Arthur Andersen, for a massive scheme to destroy documents related to
the Enron meltdown. "Tons of paper relating to the Enron audit were
promptly shredded as part of the orchestrated document destruction," a
federal indictment against Andersen alleged. "The shredder at the
Andersen office at the Enron building was used virtually constantly and,
to handle the overload, dozens of large trunks filled with Enron
documents were sent to Andersen's main Houston office to be shredded."
Andersen was convicted for illegal document destruction, effectively
putting the company out of business.

BAT, for operating worldwide programs supposedly designed to prevent
youth smoking but which actually make the practice more attractive to
kids (by suggesting smoking is an adult activity), continuing to deny
the harmful health effects of second-hand smoke, and working to oppose
efforts at the World Health Organization to adopt a strong Framework
Convention on Tobacco Control.

Caterpillar, for selling bulldozers to the Israeli Defense Forces (IDF),
which are used as an instrument of war to destroy Palestinian homes and
buildings.

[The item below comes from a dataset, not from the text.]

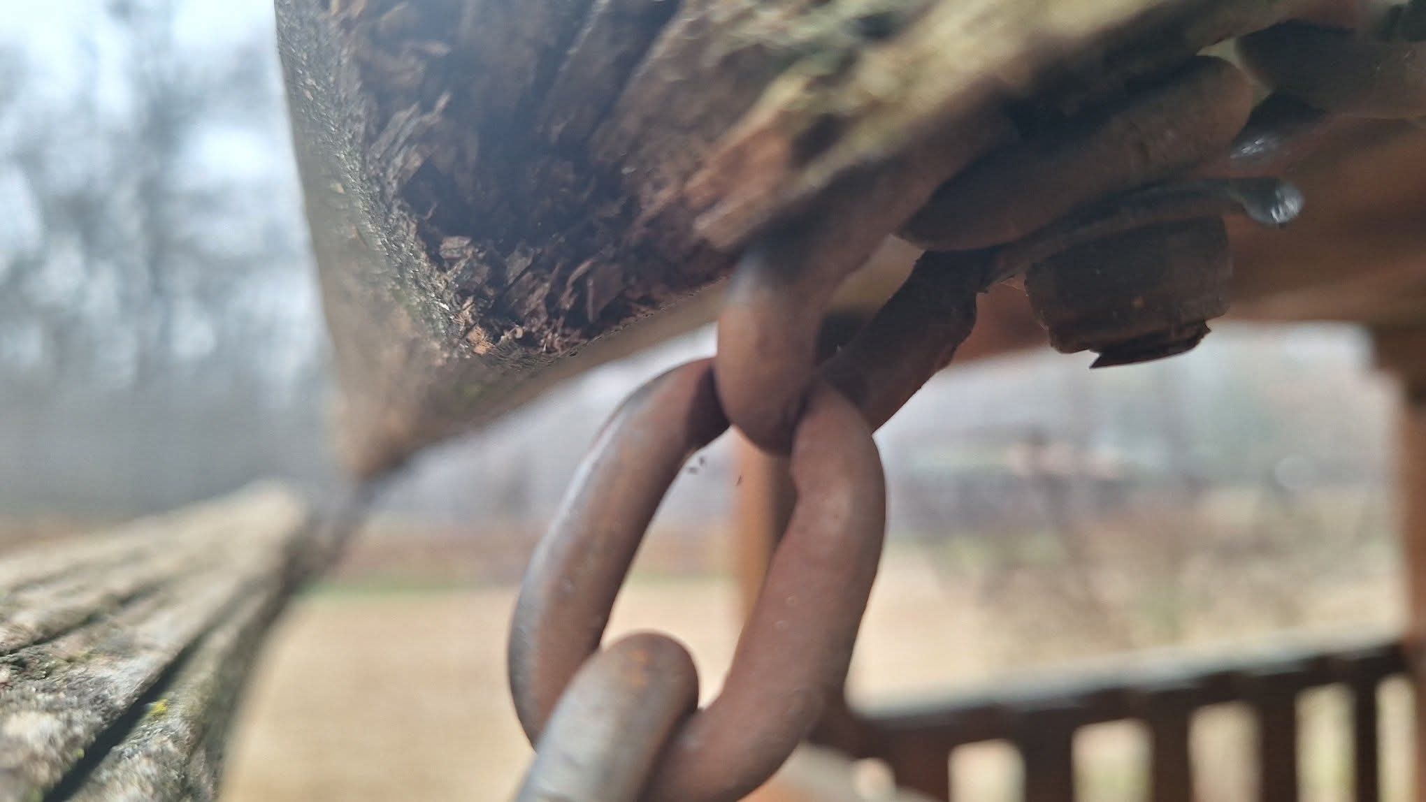 Az erdei tornapályán a gyerek játszótéren, a mászókán, papír vékonyra van kopva a lánc.

The IDF has destroyed more than 7,000 Palestinian homes since
the beginning of the Israeli occupation in 1967, leaving 30,000 people
homeless.

Citigroup, both for its deep involvement in the Enron and other
financial scandals and its predatory lending practices through its
recently acquired subsidiary The Associates. Citigroup paid $215 million
to resolve Federal Trade Commission (FTC) charges that The Associates
engaged in systematic and widespread deceptive and abusive lending practices.

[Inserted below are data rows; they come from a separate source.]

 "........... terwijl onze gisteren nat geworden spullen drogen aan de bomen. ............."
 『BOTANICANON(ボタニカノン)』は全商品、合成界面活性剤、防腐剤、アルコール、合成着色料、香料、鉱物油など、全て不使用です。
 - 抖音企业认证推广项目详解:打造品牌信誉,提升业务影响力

DynCorp, a controversial private firm which subcontracts military
services with the Defense Department, for flying planes that spray
herbicides on coca crops in Colombia. Farmers on the ground allege that
the herbicides are killing their legal crops, and exposing them to
dangerous toxins.

M&M/Mars, for responding tepidly to revelations about child slaves in
the West African fields where much of the world's cocoa is grown, and
refusing to commit to purchase a modest 5 percent of its product from
Fair Trade providers.

Procter & Gamble, the maker of Folger's coffee and part of the coffee
roaster oligopoly, for failing to take action to address plummeting
coffee bean prices. Low prices have pushed tens of thousands of farmers
in Central America, Ethiopia, Uganda and elsewhere to the edge of
survival, or destroyed their means of livelihood altogether.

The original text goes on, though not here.